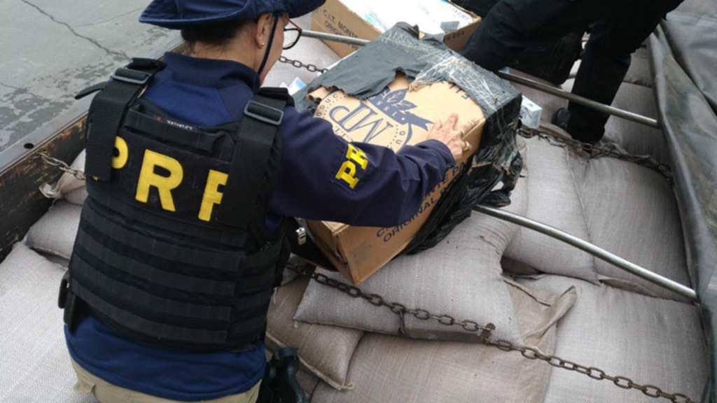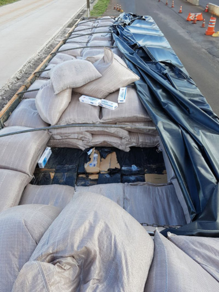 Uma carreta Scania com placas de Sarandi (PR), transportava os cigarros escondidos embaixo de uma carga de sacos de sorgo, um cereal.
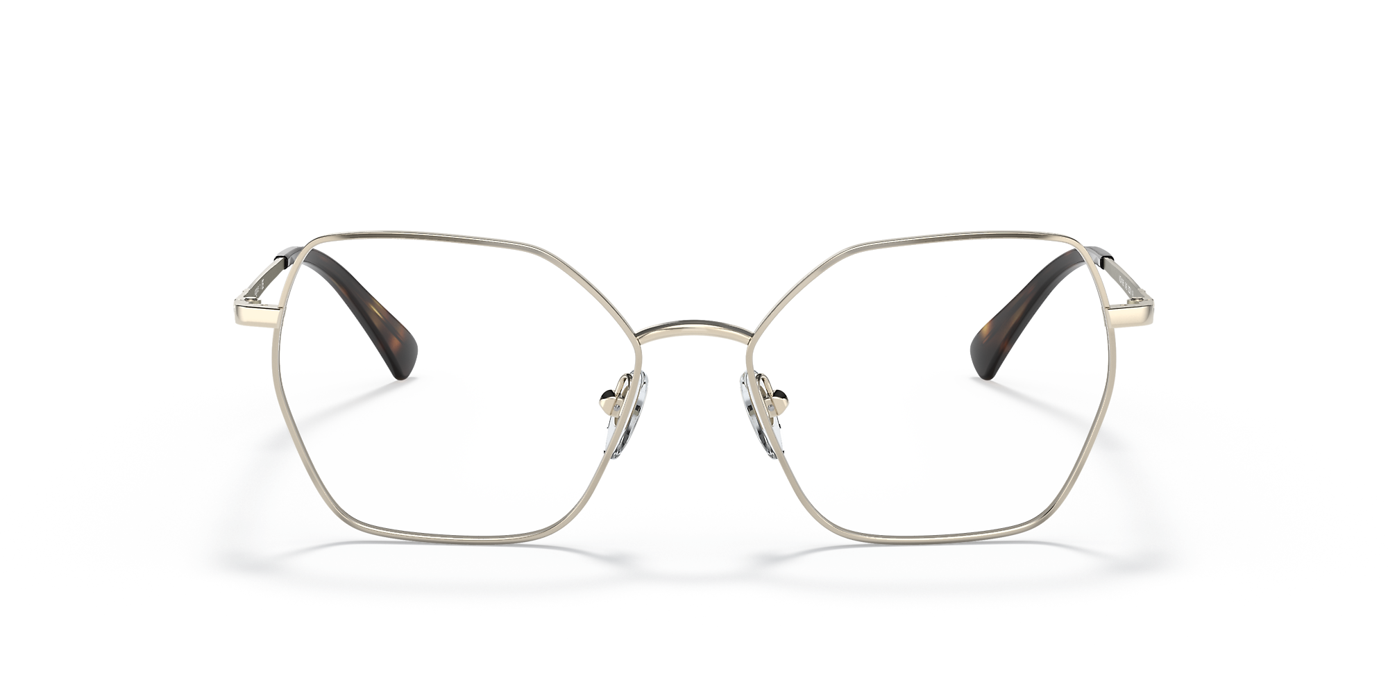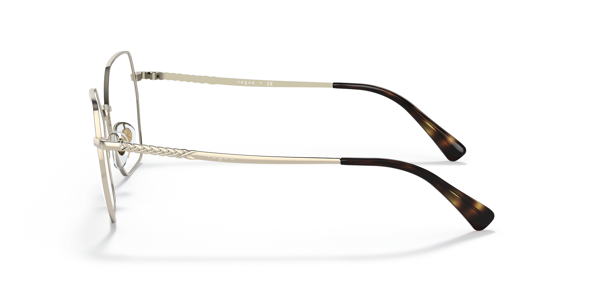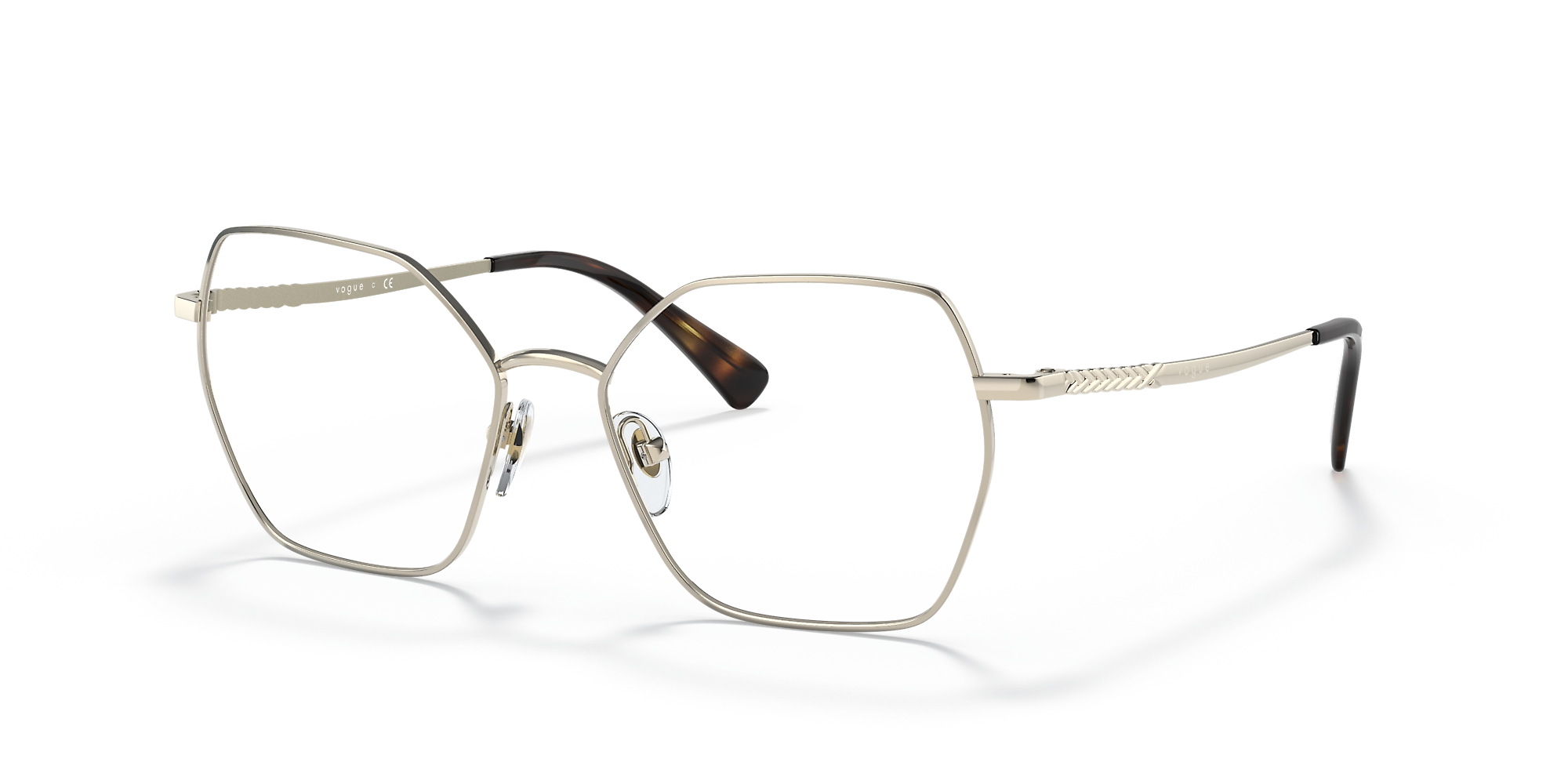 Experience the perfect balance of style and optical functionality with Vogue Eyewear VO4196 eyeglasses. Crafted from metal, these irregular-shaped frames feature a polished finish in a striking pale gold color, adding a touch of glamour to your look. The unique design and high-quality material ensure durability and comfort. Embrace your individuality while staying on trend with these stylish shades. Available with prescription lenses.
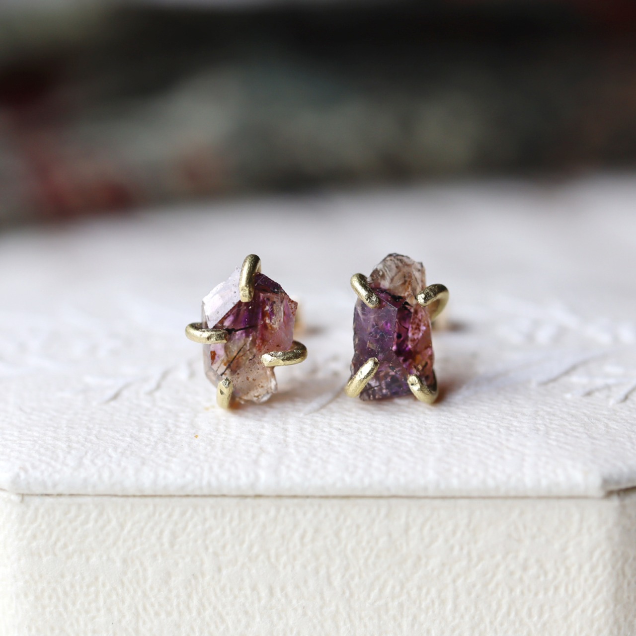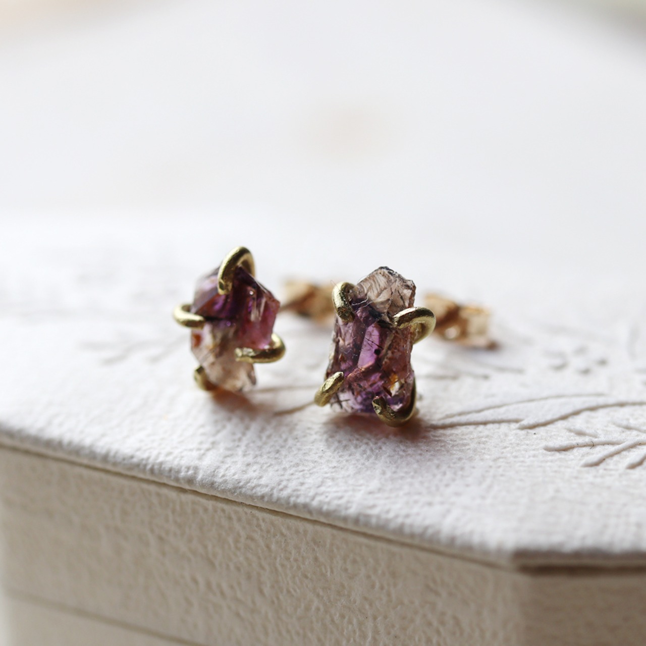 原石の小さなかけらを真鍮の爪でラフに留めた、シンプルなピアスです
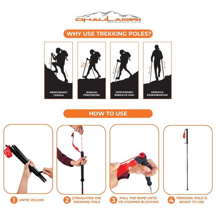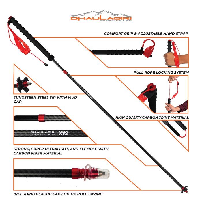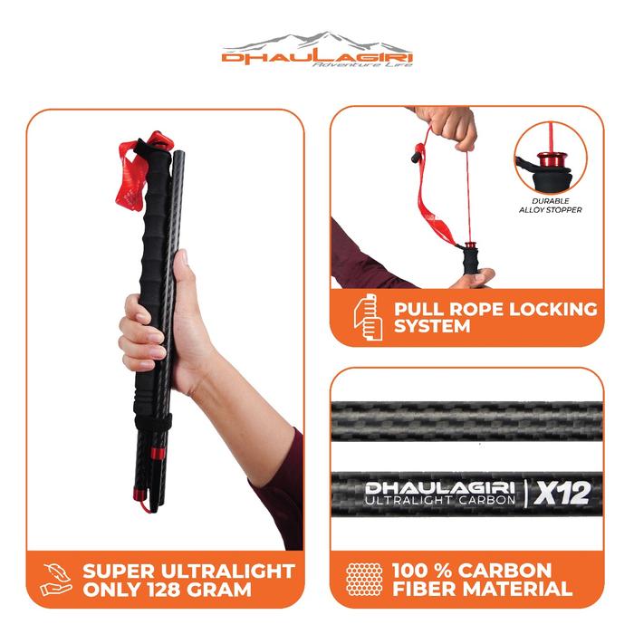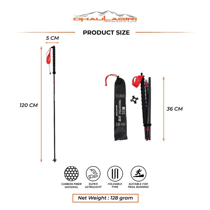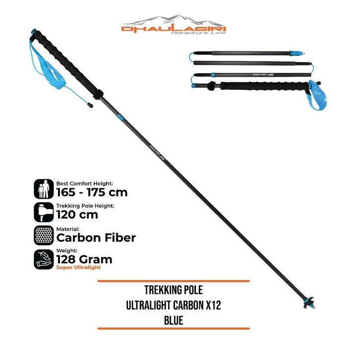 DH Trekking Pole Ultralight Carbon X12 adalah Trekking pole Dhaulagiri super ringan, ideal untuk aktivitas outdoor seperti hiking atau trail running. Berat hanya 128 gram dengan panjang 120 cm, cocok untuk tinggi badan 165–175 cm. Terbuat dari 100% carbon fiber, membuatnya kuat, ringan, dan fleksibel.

...

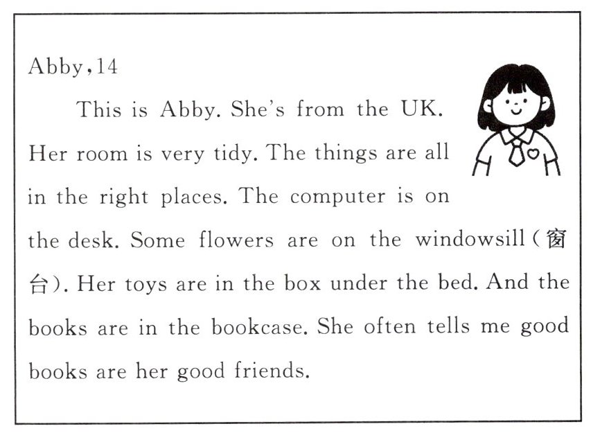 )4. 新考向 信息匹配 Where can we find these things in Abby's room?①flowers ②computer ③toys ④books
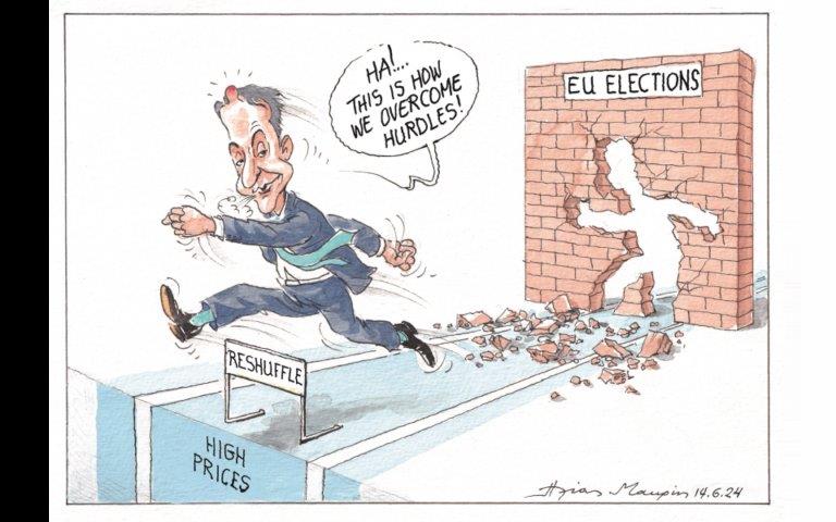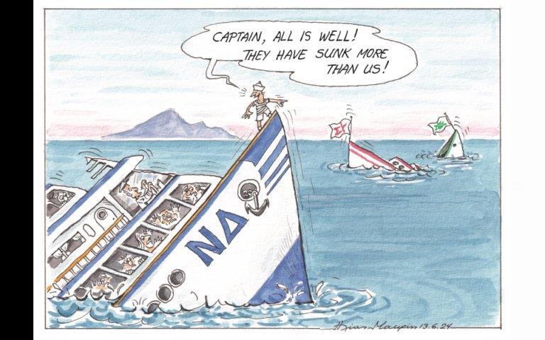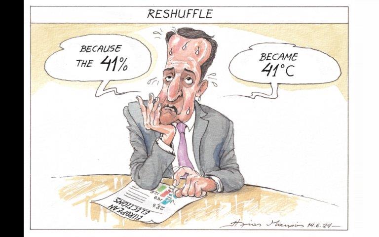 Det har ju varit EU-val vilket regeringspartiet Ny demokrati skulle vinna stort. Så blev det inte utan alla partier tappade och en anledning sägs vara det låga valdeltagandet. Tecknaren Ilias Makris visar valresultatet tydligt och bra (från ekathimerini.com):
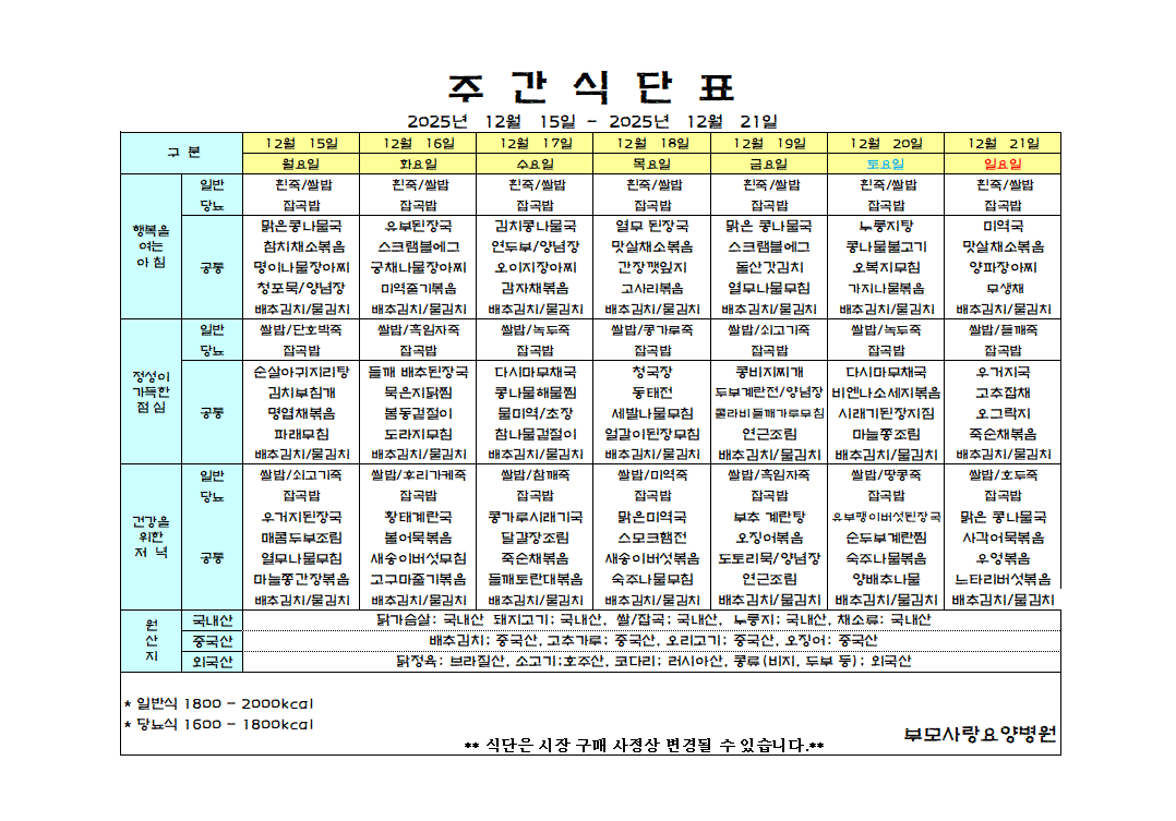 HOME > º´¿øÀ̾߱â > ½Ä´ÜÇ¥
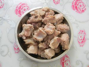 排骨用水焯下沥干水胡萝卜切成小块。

■ **WHAT YOU SHOULD DO**: Your answer should be the exact lines above from the one containing "原石の小さなかけらを真鍮の爪でラフに留めた、シンプルなピアスです" through the one containing "DH Trekking Pole", with both end lines kept and the pictures removed, please.

■ **PROBLEM SOLUTION**:
 原石の小さなかけらを真鍮の爪でラフに留めた、シンプルなピアスです
 DH Trekking Pole Ultralight Carbon X12 adalah Trekking pole Dhaulagiri super ringan, ideal untuk aktivitas outdoor seperti hiking atau trail running. Berat hanya 128 gram dengan panjang 120 cm, cocok untuk tinggi badan 165–175 cm. Terbuat dari 100% carbon fiber, membuatnya kuat, ringan, dan fleksibel.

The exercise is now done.